Roethlisberger was sharp early against the Bengals, guiding the Steelers 80 yards on a first-drive score. He was seldom sharp again, finishing with a hideous 30.7 quarterback rating and at his low point getting picked by Delthea O'Neal on a badly underthrown deep ball late in the third quarter with the Steelers clinging to a 17--14 lead. After the interception, the second of three, Roethlisberger was booed at home, perhaps for the first time in his career.

Palmer was much better, albeit far from perfect. He spent long hours in the off-season watching tape of the game in which he was injured. "Not because I wanted to relive the hit," he said. "I wanted to learn more about Pittsburgh's defense, what they like to do in certain situations." By halftime Palmer had connected on 13 of 17 passes and hit Henry twice for touchdowns.

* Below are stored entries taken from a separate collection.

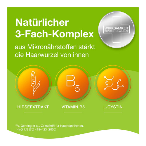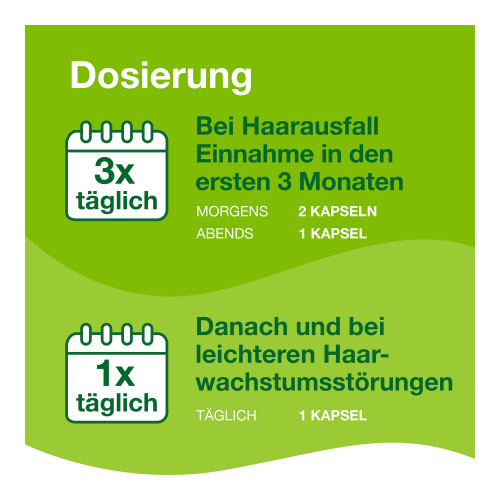 Bei Haarausfall: Morgens 2 Kapseln und abens 1 Kapsel täglich.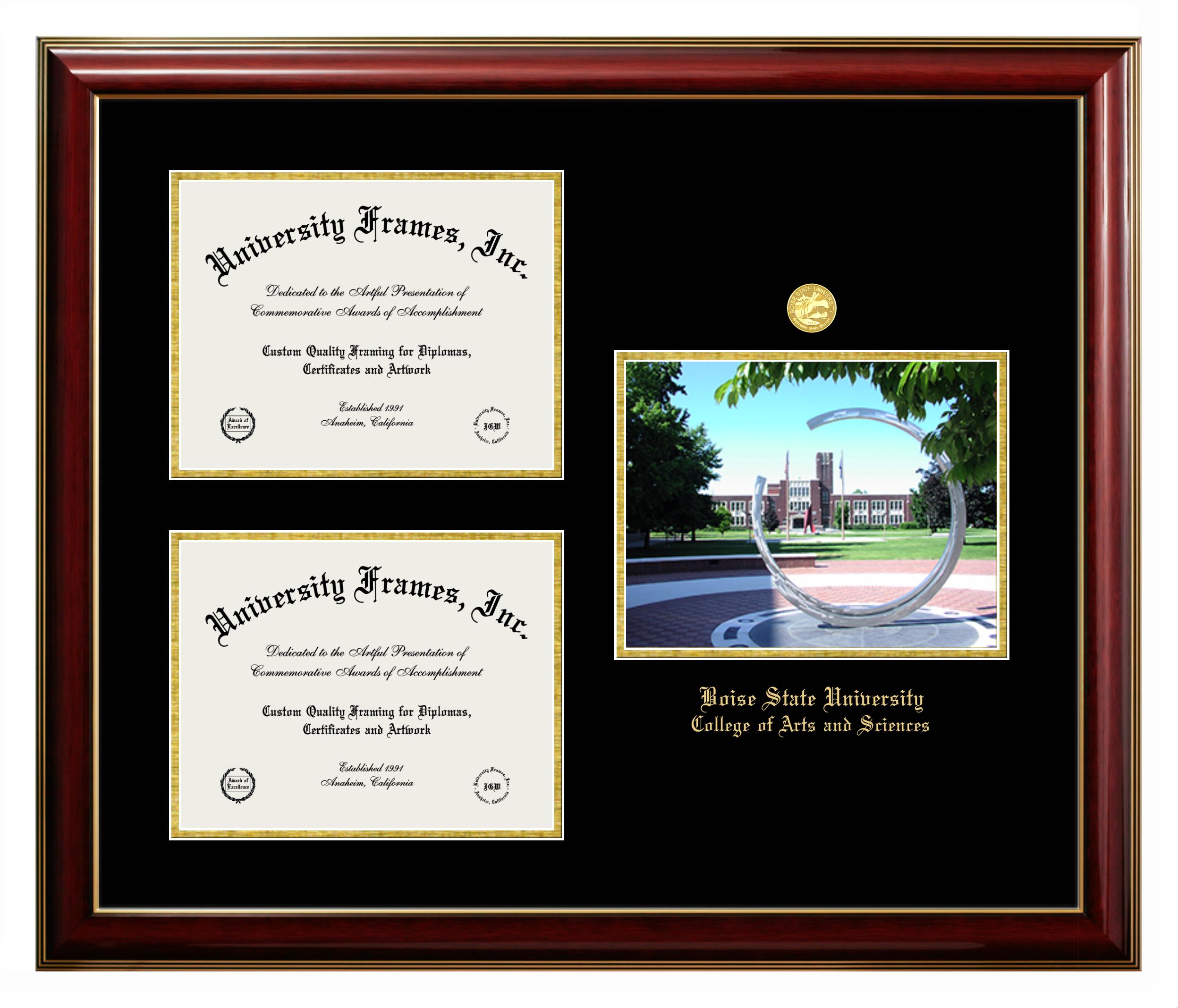 Are you a Boise State University College of Arts and Sciences graduate looking for an officially licensed diploma frame to showcase your achievement? Or, are you looking for a unique graduation gift for a recent Boise State University College of Arts and Sciences graduate or alum? You have come to the right place! Our officially licensed custom diploma frames have the original seal of Boise State University College of Arts and Sciences. Each of our degree frames is handcrafted to offer the highest quality and precision. You can easily customize your graduation frames according to your style and preference. Start customizing your college diploma frame now!
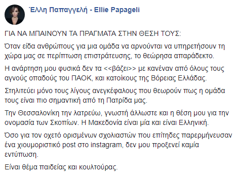 Συγκεκριμένα, η όμορφη ΟΝΝΕΔίτισσα έγραψε στο Facebook: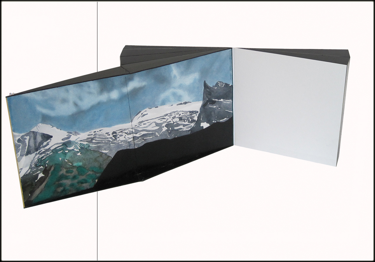 Knochen, Aquarell, Glasmehl, Pigment, Bitumenlack auf Papier, 6 Seiten, 26 x 26 x 24 cm, 2015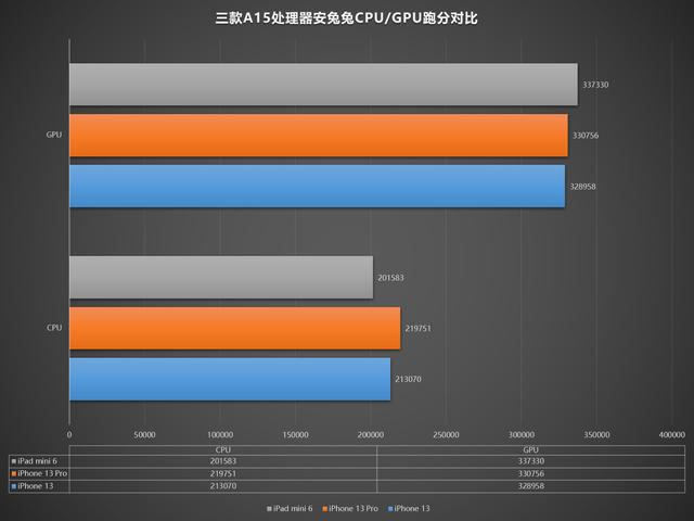 那么,这三款A15处理器在性能方面有区别吗?通过安兔兔查证,砍掉一颗GPU核心似乎让能效比变得更高了,至少从目前的后台数据来看iPhone 13和iPhone 13 Pro的GPU性能并没有什么明显的差距。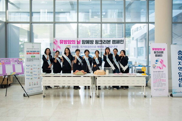 [mdtoday=김미경 기자] 충북대학교병원 충북지역암센터가 22일 암병원 1층 로비에서 충북권역암생존자통합지지센터와 함께 ‘세계 유방암의 날’ 기념 핑크리본 캠페인을 개최했다.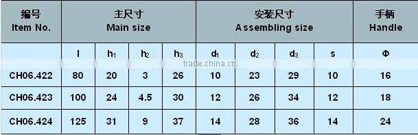 Item No. | Main size | Assembling size | Handle | ||||||
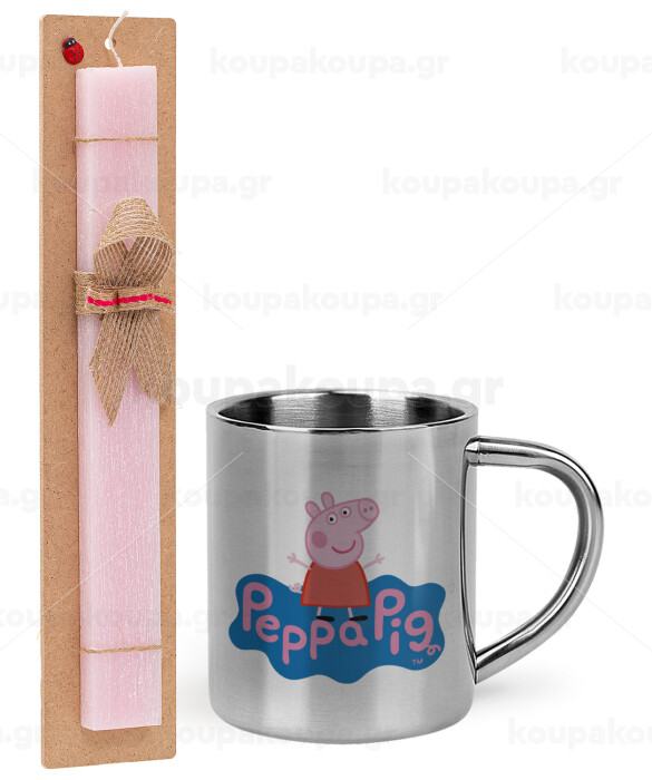 Πέππα το γουρουνάκι μπλε με όνομα, Easter Set, metallic thermal cup (300ml) & aromatic flat Easter candle (30cm) (PINK)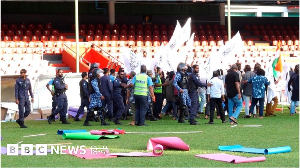 मालदीव की राजधानी माले के नेशनल फुटबॉल स्टेडियम में आक्रोशित भीड़ ने मंगलवार को धावा बोल और यहाँ भारतीय दूतावास की ओर से आयोजित 'योग दिवस' के कार्यक्रम में हिस्सा लेने वालों पर हमला किया था.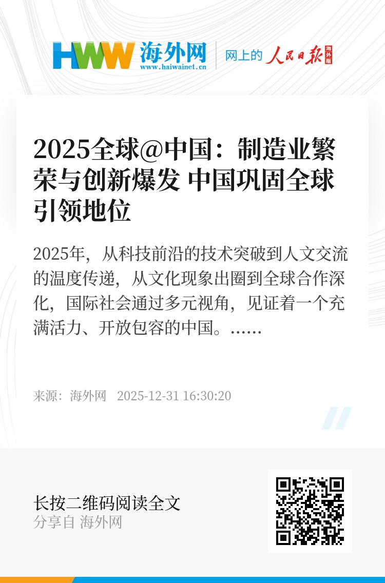 2025年的中国,以创新为翼、以交流为桥、以合作为基,在全球舞台上书写着发展奇迹。国际社会的积极评价,既是对中国成就的认可,更是对未来合作的期许。欧洲《现代外交》杂志认为中国从“中国制造”向“中国创新”转型成效显著,为全球增长注入新动能;南非独立传媒也称赞,中国是值得信赖的合作方,发展经验惠及多国,合作共赢潜力持续释放。这份创新活力与合作诚意,将继续驱动中国稳步前行,为世界带来更多发展机遇,让双向奔赴的共赢之路越走越宽。(海外网 侯兴川)

In the second half, however, Pittsburgh dialed up the ferocity of its pass rush, led by linebackers Clark Haggans (two sacks) and Larry Foote (seven tackles, one sack). Palmer struggled to find space in the pocket and fumbled several times when pressured. On the perimeter, Pittsburgh defenders trash-talked Houshmandzadeh and Johnson. The Bengals talked back, inciting Palmer's anger. Said Houshmandzadeh, "We're in the huddle in the fourth quarter, down by three points, and Carson just says to me and Chad, 'Shut up and play.'"

Palmer said, " Pittsburgh tries to get you into their game, and their game is to jaw a lot. We were getting a little caught up in the moment, and that's not our game."

Ultimately the Steelers handed Palmer his chances to win. With just over eight minutes to play, return man Ricardo Colclough muffed a punt in the red zone, and 40 seconds later running back Vernon Haynes fumbled at the Steelers' 30. Palmer converted both turnovers into one-play drives, twice hitting Houshmandzedah for touchdowns that silenced Heinz Field.

The Bengals might not need such generosity next time. Houshmandzadeh was making his first appearance since bruising his heel on Aug. 28, an injury still so sore that when he spun around in the stadium hallway to pick his iPod off the floor after dropping it, he hopped in pain. The Bengals also played without starting center Rich Braham (bruised knee) and starting strong safety Dexter Jackson (sprained ankle), who are expected back soon. It is a team rising.

And their work is just beginning in earnest. There is a three-week stretch from late October into early November when the Bengals play Carolina, Atlanta and the first of two games with the Ravens. Pittsburgh awaits a rematch on New Year's Eve, with playoff positions possibly in the balance.

It is only September. But on this afternoon, it was instructive to note the symbolism in Palmer ending his work against the Steelers not by clutching a knee but by taking one.